**Task description**.
Could you copy exactly the lines below, beginning at the line with "Table 1. Universal markers" and stopping after the line with "Polka Dot Feather", with no pictures?

Segment Start: Material provided

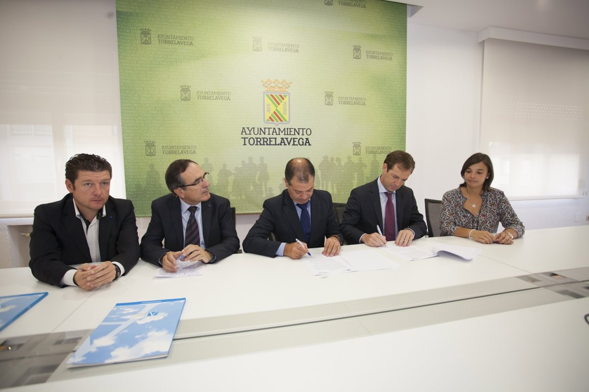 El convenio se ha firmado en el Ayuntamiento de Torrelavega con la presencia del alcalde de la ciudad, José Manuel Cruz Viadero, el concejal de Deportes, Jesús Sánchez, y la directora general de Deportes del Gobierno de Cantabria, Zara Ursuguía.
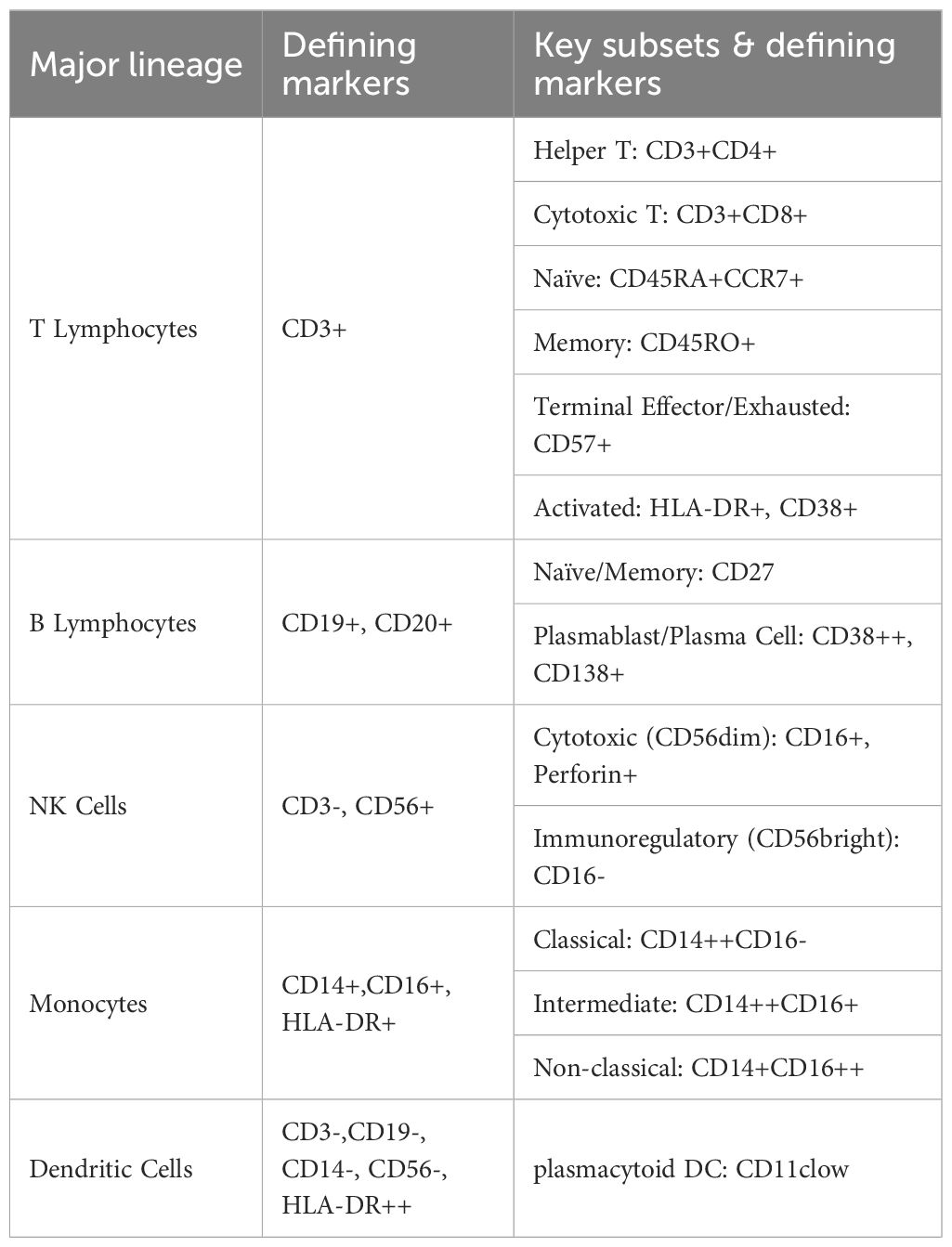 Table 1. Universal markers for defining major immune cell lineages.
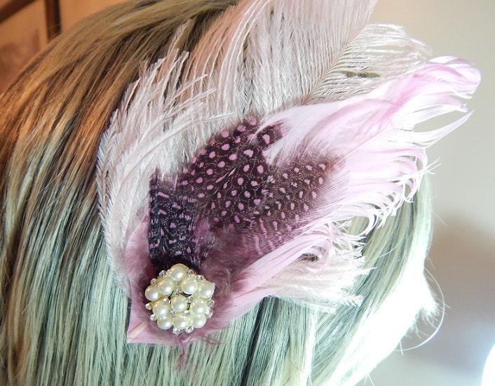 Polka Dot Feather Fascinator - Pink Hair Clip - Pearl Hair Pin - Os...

Segment End: Material provided
Segment Start: Material provided

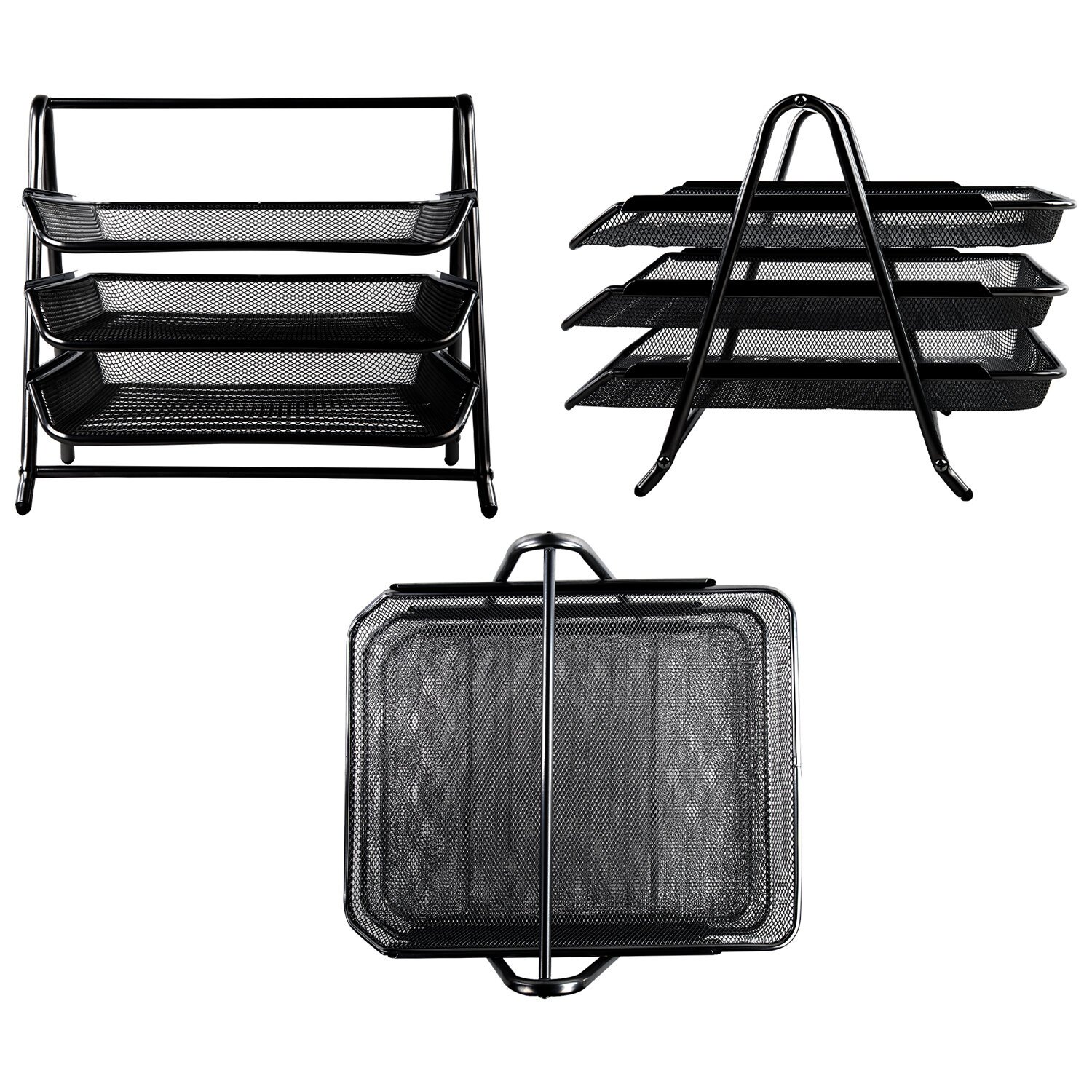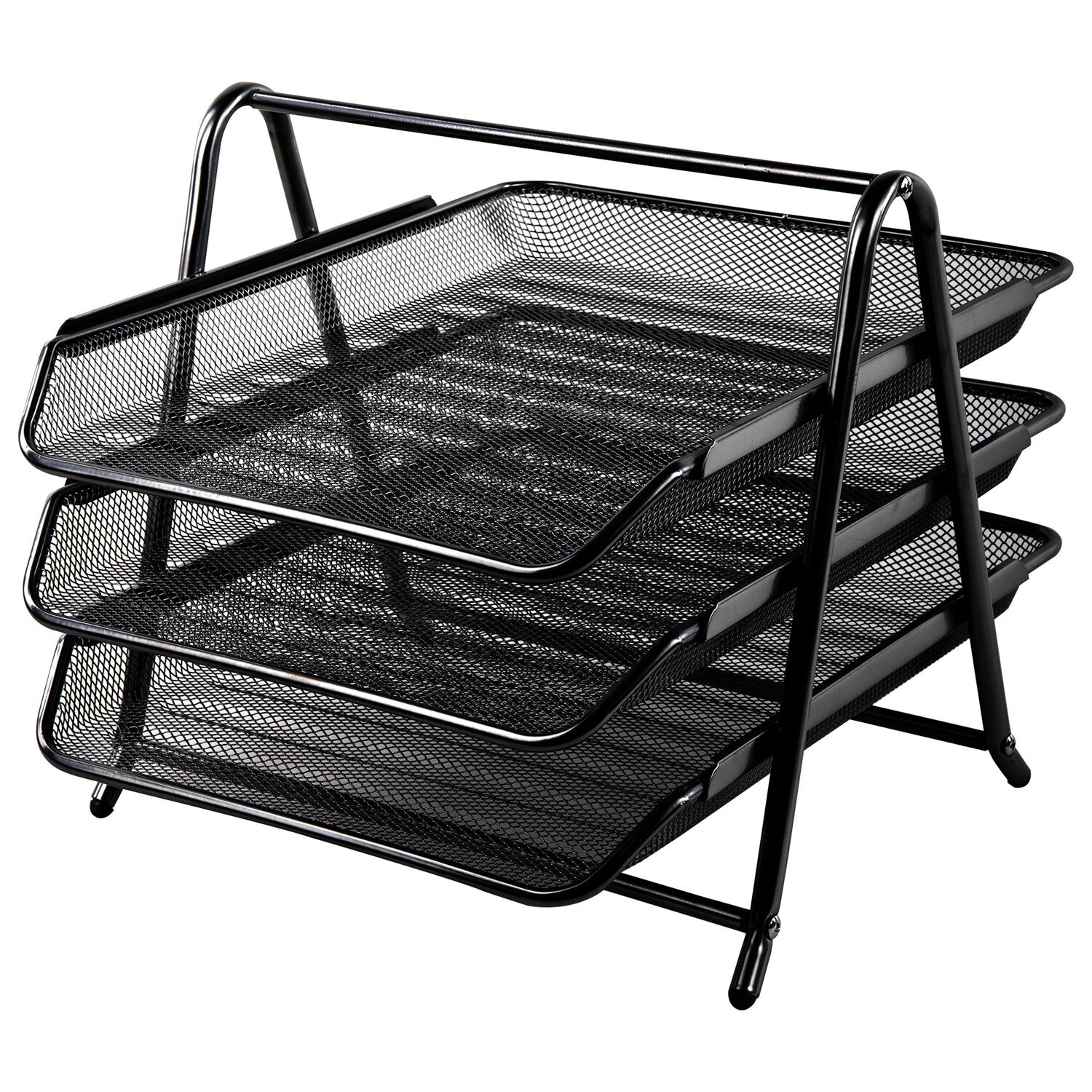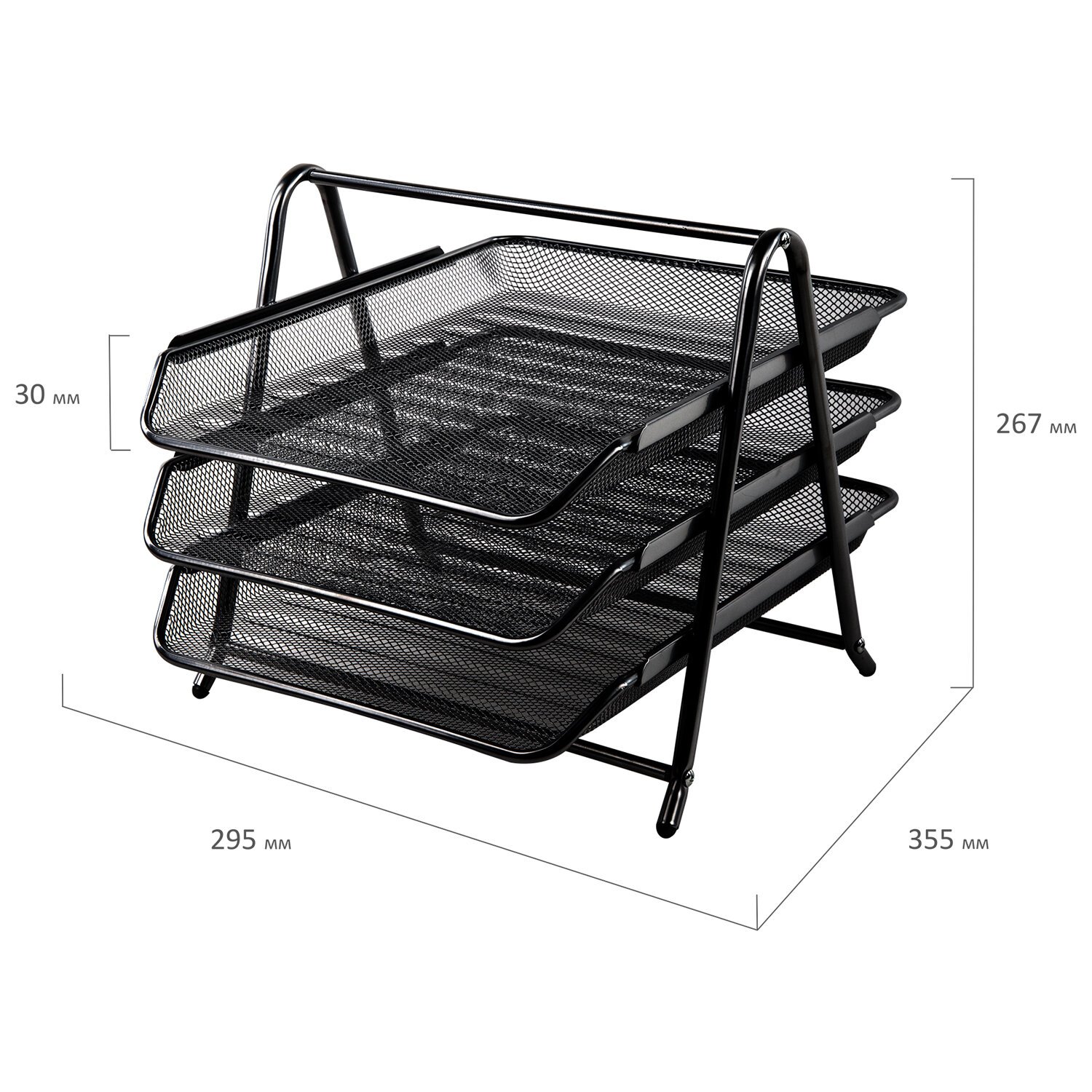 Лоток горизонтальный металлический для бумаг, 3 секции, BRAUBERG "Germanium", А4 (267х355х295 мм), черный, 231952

Segment End: Material provided

**Solution for this task**.
 Table 1. Universal markers for defining major immune cell lineages.
 Polka Dot Feather Fascinator - Pink Hair Clip - Pearl Hair Pin - Os...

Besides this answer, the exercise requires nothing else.